§ Work to complete
Below are some records. Return exactly their lines from the one containing "Decimal 1433568390 Color" through the one containing "(e)就贷款人未能向借款人提", and drop the pictures.

§ Supplied data
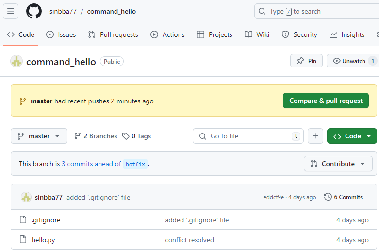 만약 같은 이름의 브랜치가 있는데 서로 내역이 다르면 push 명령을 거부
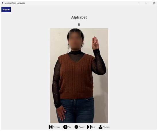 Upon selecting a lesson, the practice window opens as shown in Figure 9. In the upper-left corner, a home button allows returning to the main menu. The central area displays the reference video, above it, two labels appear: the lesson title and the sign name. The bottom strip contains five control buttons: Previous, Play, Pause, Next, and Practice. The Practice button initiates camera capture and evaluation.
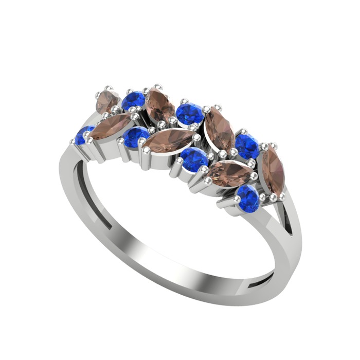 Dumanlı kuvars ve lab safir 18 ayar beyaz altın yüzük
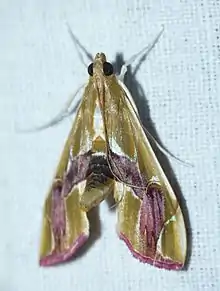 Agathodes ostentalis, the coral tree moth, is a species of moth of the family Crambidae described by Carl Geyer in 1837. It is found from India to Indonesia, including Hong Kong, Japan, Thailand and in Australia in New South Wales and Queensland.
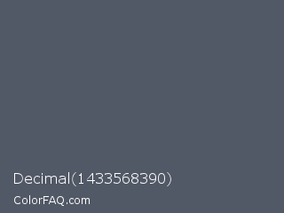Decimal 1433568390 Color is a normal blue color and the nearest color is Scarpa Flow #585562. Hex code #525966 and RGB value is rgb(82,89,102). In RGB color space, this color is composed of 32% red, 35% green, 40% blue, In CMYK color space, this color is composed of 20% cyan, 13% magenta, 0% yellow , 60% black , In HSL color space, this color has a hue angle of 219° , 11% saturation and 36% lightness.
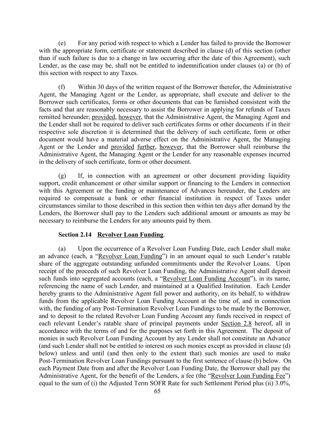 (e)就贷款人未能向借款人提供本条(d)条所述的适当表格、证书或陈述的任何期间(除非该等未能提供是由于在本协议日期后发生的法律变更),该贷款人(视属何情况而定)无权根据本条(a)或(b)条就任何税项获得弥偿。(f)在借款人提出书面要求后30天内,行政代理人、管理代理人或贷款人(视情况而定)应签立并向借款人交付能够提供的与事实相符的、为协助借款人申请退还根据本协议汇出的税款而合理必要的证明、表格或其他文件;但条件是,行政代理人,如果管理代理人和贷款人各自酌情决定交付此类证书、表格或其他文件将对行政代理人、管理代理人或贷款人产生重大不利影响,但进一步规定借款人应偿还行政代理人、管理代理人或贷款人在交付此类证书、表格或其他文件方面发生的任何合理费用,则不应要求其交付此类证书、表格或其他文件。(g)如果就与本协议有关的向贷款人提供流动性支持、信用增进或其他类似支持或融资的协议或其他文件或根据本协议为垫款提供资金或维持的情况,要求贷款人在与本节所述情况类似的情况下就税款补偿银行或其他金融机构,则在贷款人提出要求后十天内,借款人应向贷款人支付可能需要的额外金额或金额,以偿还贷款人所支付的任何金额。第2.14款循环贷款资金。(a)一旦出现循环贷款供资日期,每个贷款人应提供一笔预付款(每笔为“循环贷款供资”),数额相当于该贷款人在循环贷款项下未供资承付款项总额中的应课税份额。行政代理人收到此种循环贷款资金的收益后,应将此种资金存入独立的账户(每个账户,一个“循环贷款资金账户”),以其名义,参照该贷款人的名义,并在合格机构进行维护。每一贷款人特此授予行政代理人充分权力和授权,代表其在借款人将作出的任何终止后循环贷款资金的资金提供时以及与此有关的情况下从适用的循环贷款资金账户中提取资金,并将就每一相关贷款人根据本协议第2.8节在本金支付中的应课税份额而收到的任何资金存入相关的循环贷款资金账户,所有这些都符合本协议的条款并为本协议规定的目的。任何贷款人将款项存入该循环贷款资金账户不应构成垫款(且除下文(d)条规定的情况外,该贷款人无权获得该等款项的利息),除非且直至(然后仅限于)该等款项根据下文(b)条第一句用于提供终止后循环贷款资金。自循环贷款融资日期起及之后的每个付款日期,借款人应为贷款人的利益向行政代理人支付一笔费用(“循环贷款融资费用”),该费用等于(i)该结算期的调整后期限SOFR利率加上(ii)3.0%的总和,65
---
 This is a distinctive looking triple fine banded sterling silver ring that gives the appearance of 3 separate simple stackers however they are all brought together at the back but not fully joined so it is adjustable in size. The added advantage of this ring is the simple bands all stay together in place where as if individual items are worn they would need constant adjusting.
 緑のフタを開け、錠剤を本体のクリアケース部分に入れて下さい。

§ Output of the task
Decimal 1433568390 Color is a normal blue color and the nearest color is Scarpa Flow #585562. Hex code #525966 and RGB value is rgb(82,89,102). In RGB color space, this color is composed of 32% red, 35% green, 40% blue, In CMYK color space, this color is composed of 20% cyan, 13% magenta, 0% yellow , 60% black , In HSL color space, this color has a hue angle of 219° , 11% saturation and 36% lightness.
 (e)就贷款人未能向借款人提供本条(d)条所述的适当表格、证书或陈述的任何期间(除非该等未能提供是由于在本协议日期后发生的法律变更),该贷款人(视属何情况而定)无权根据本条(a)或(b)条就任何税项获得弥偿。(f)在借款人提出书面要求后30天内,行政代理人、管理代理人或贷款人(视情况而定)应签立并向借款人交付能够提供的与事实相符的、为协助借款人申请退还根据本协议汇出的税款而合理必要的证明、表格或其他文件;但条件是,行政代理人,如果管理代理人和贷款人各自酌情决定交付此类证书、表格或其他文件将对行政代理人、管理代理人或贷款人产生重大不利影响,但进一步规定借款人应偿还行政代理人、管理代理人或贷款人在交付此类证书、表格或其他文件方面发生的任何合理费用,则不应要求其交付此类证书、表格或其他文件。(g)如果就与本协议有关的向贷款人提供流动性支持、信用增进或其他类似支持或融资的协议或其他文件或根据本协议为垫款提供资金或维持的情况,要求贷款人在与本节所述情况类似的情况下就税款补偿银行或其他金融机构,则在贷款人提出要求后十天内,借款人应向贷款人支付可能需要的额外金额或金额,以偿还贷款人所支付的任何金额。第2.14款循环贷款资金。(a)一旦出现循环贷款供资日期,每个贷款人应提供一笔预付款(每笔为“循环贷款供资”),数额相当于该贷款人在循环贷款项下未供资承付款项总额中的应课税份额。行政代理人收到此种循环贷款资金的收益后,应将此种资金存入独立的账户(每个账户,一个“循环贷款资金账户”),以其名义,参照该贷款人的名义,并在合格机构进行维护。每一贷款人特此授予行政代理人充分权力和授权,代表其在借款人将作出的任何终止后循环贷款资金的资金提供时以及与此有关的情况下从适用的循环贷款资金账户中提取资金,并将就每一相关贷款人根据本协议第2.8节在本金支付中的应课税份额而收到的任何资金存入相关的循环贷款资金账户,所有这些都符合本协议的条款并为本协议规定的目的。任何贷款人将款项存入该循环贷款资金账户不应构成垫款(且除下文(d)条规定的情况外,该贷款人无权获得该等款项的利息),除非且直至(然后仅限于)该等款项根据下文(b)条第一句用于提供终止后循环贷款资金。自循环贷款融资日期起及之后的每个付款日期,借款人应为贷款人的利益向行政代理人支付一笔费用(“循环贷款融资费用”),该费用等于(i)该结算期的调整后期限SOFR利率加上(ii)3.0%的总和,65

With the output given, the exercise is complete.